Re: CVE-2024-46839: workqueue: Improve scalability of workqueue watchdog touch

From: Paul E. McKenney
Date: Tue Oct 01 2024 - 07:37:36 EST


On Tue, Oct 01, 2024 at 11:07:49AM +0200, Michal Hocko wrote:
> On Tue 01-10-24 10:22:51, Greg KH wrote:
> > On Tue, Oct 01, 2024 at 10:02:02AM +0200, Petr Mladek wrote:
> > > On Fri 2024-09-27 14:40:07, Greg Kroah-Hartman wrote:
> > > > Description
> > > > ===========
> > > >
> > > > In the Linux kernel, the following vulnerability has been resolved:
> > > >
> > > > workqueue: Improve scalability of workqueue watchdog touch
> > > >
> > > > On a ~2000 CPU powerpc system, hard lockups have been observed in the
> > > > workqueue code when stop_machine runs (in this case due to CPU hotplug).
> > >
> > > I believe that this does not qualify as a security vulnerability.
> > > Any hotplug is a privileged operation.
> >
> > Really? I see that happen on many embedded systems all the time, they
> > add/remove CPUs while the device runs/sleeps constantly.
>
> This is a powerpc specific fix. Other architectures are not affected.
>
> > Now to be fair, right now an "embedded system" usually doesn't have 2000
> > cpus, but what's wrong with marking this real bugfix as a vulnerability
> > resolution?
>
> Yes, this is indeed a scalability fix for huge systems with a lot of
> CPUs anybody owning those systems was simply not able to use memory
> hotplug without seeing those hard lockup messages. The system is not
> really locked up. The progress of the hotplug operation is just utterly
> slow. Calling this a vulnerability is a stretch IMHO.
>
> The only potential attack vector is to have machine configured to panic
> on hard lockups on those huge ppc systems and allow cpu hotremove to an
> adversary which in itsels seems like a very bad idea anyway because
> availability of such a system is then effectively compromised.

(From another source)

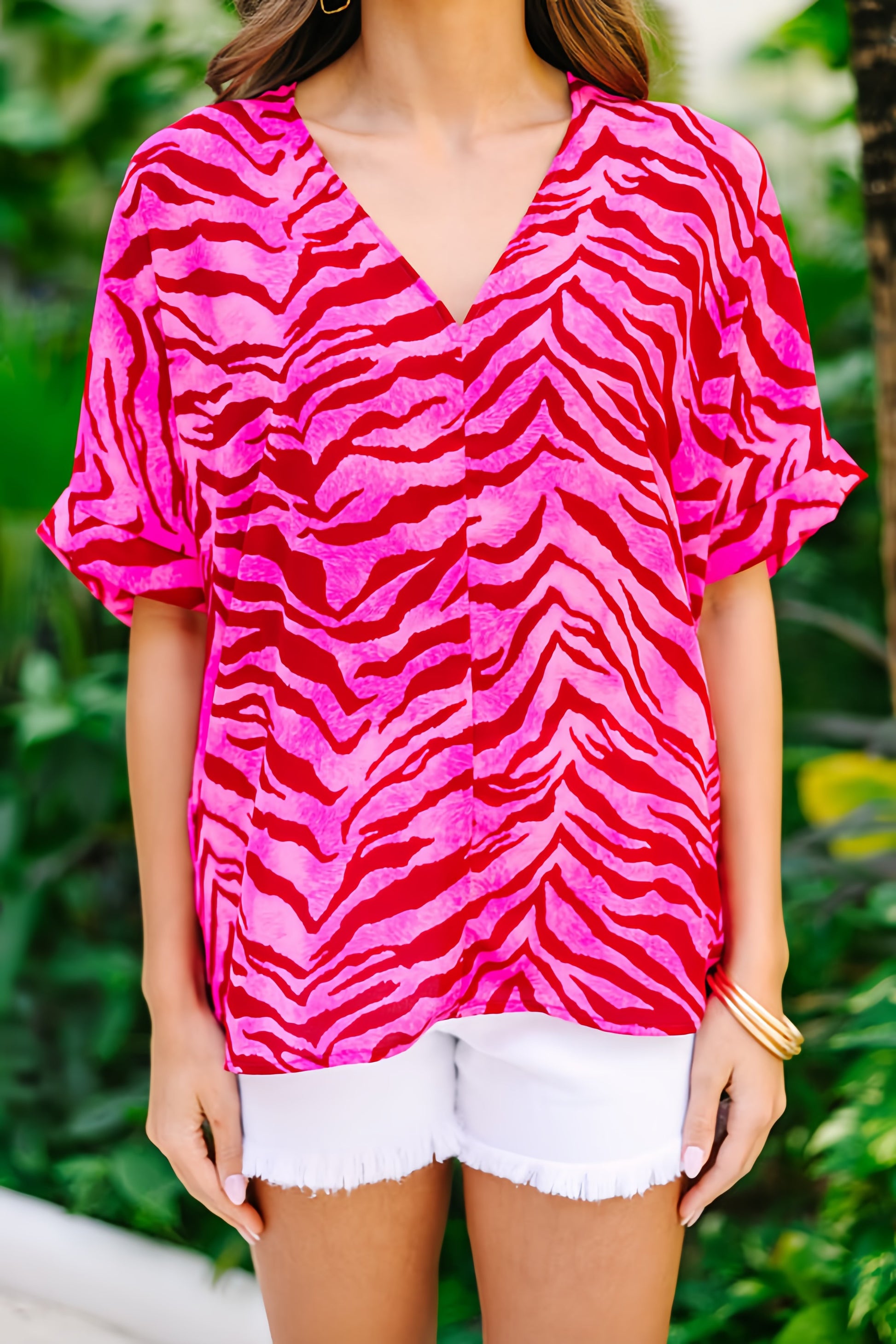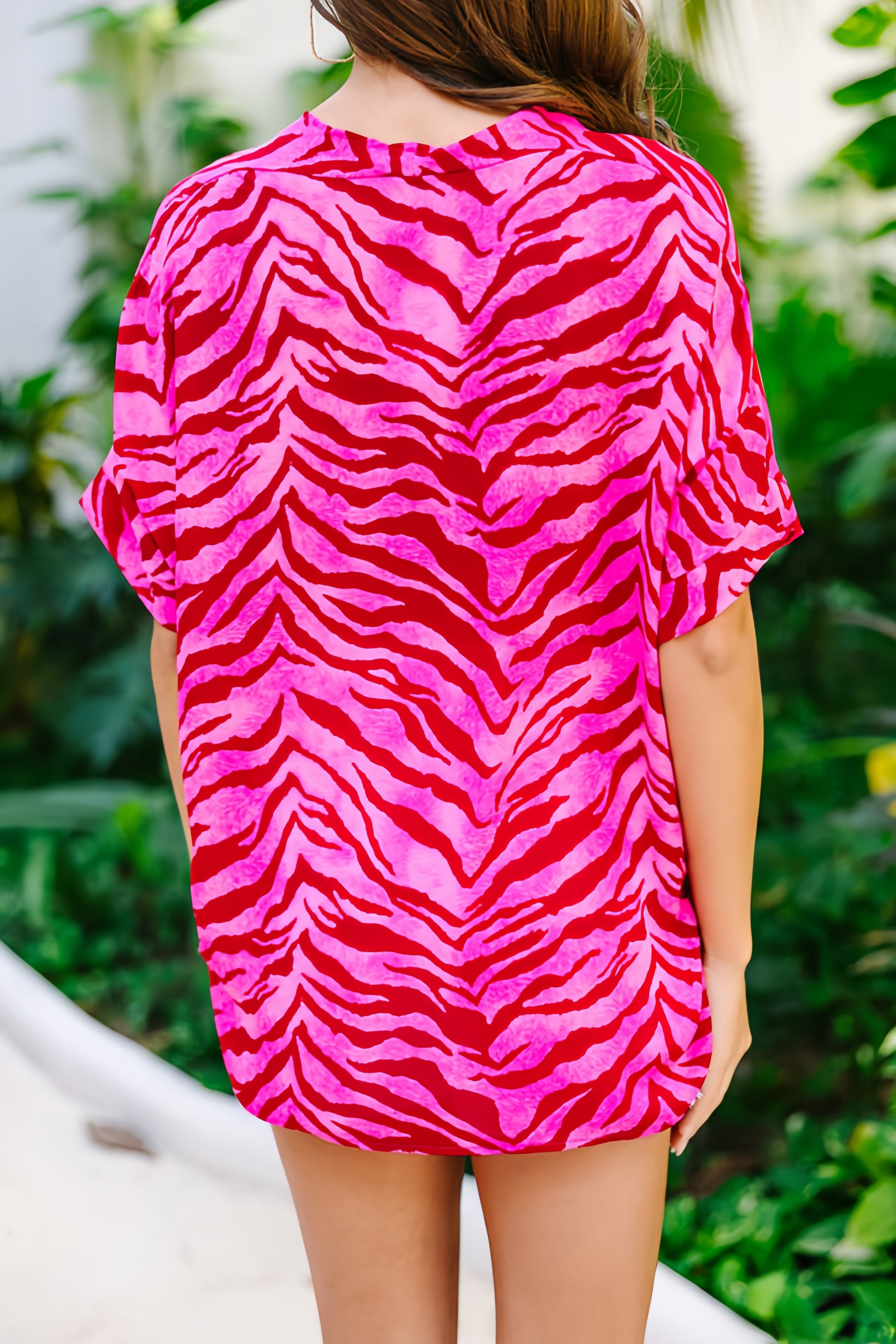 Unleash your wild side with The Jungle Paradise Top! Featuring a bold zebra print in vibrant red and pink, this fashionably oversized top will elevate any outfit. Stand out from the crowd and embrace your unique and fierce style with this must-have piece.

If the attacker can do CPU hotplug, then an effective (though admittedly
non-CVE) attack is to simply offline all but one of the CPUs. Whatever
that system was doing with its 2,000 CPUs, it is unlikely to be doing
with only one of them.

And taking Michal's point further, if the load rises high enough, you
might get various types of lockups, and the system might be configured
to panic. For example, the load resulting from dumping 2000 CPUs worth of
workload onto a single CPU could easily starve RCU's grace-period kthread
for the 21 seconds required to result in an RCU CPU stall warning. And if
the system has sysctl_panic_on_rcu_stall set, then the system will panic.

But this really should be considered to be expected behavior given
privileged abuse rather than a vulnerability, correct?

Thanx, Paul